Carly's really right. I'm nothing but a waste of space that doesn't deserve the time of day. Instead, I'm wasting valuable resources and money by having to rely on the medical staff, the boys. All the people I rely on.

I wish that when Carly had stuck my head down the toilet multiple times, she'd ended it right there and then. I wish that when she'd cut my back, she'd accidentally cut too deep or too much. I wish that when she made me run outside, I'd caught fatal pneumonia and passed.

Because obviously my parents didn't want me if I'd ended up in a orphanage just a while after I was born.

They saw something in me that Carly recognized. So they'd chosen to not burden themselves.

I didn't realize I was crying even as my vision blurred. I didn't know that I was crying when a tissue had been placed in front of my face.

It was soft and fluffy and felt good against my cheeks. But did I really deserve all of this good stuff? The big room and the cool friends? Carly? Did I deserve Carly?

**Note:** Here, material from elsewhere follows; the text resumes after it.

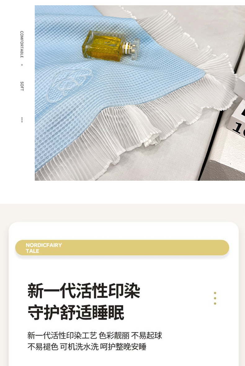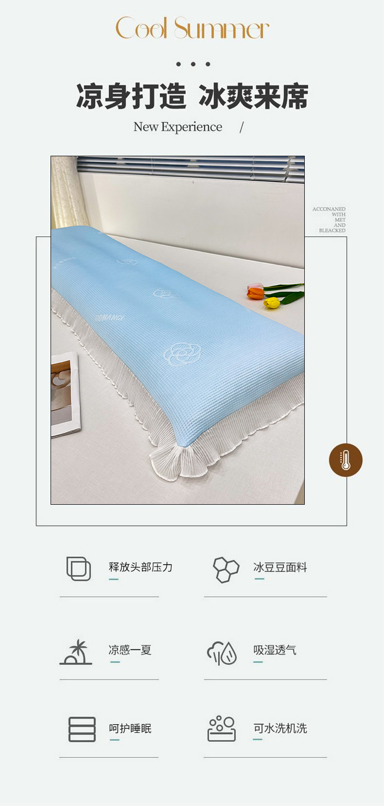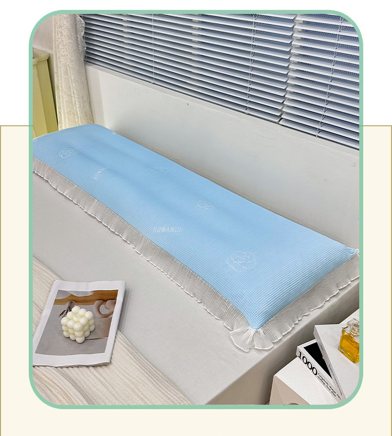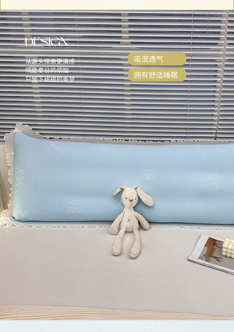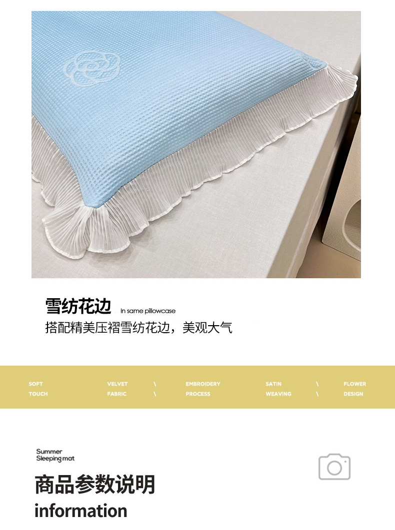 商品名称:雨彤家纺 2025新款冰豆豆蕾丝花边双人长枕套单品枕套枕套单件 山茶花-冰雪兰

She's obviously wasting her time on a useless nobody like me.

I heard what the doctors said when they pulled out Louis to talk about me. They said I was under weight and quiet small for my age.

I'm guessing, hoping, praying, that they didn't see the marks on my back. 

It was hard enough spluttering out how I didn't remember who'd done this to me.

But the thing is, how could I explain that I did this to myself?

"It's okay baby," Zayn squeezed me tighter against his torso. "It's alright. We'll get the person who did this."

I wanted to laugh and laugh and never stop.

How can you get the person when that person was me?

Third Person's P.O.V:

She fell in to a restless slumber, tossing and turning ever so often. Awake, she would kill herself with dangerous thoughts.

Asleep, the dreams, nightmares, would never let her rest.

Either way, she was not free. And they could only fear that the worst was yet to come.

"Harry, Niall and Carly are at McDonald's now, do you guys want anything?" Liam asked as he looked up from his phone.

They'd been sitting in silence, occasionally speaking since Maggie had drifted off after crying. She hadn't spoken to anything after her strange outburst.

"I have a really long time to live."

It gave Zayn shivers when he thought about the simplicity she'd whispered it with. Her face had showed no emotion, and for the first time he felt as if there may be much more to Maggie than he could have ever wandered.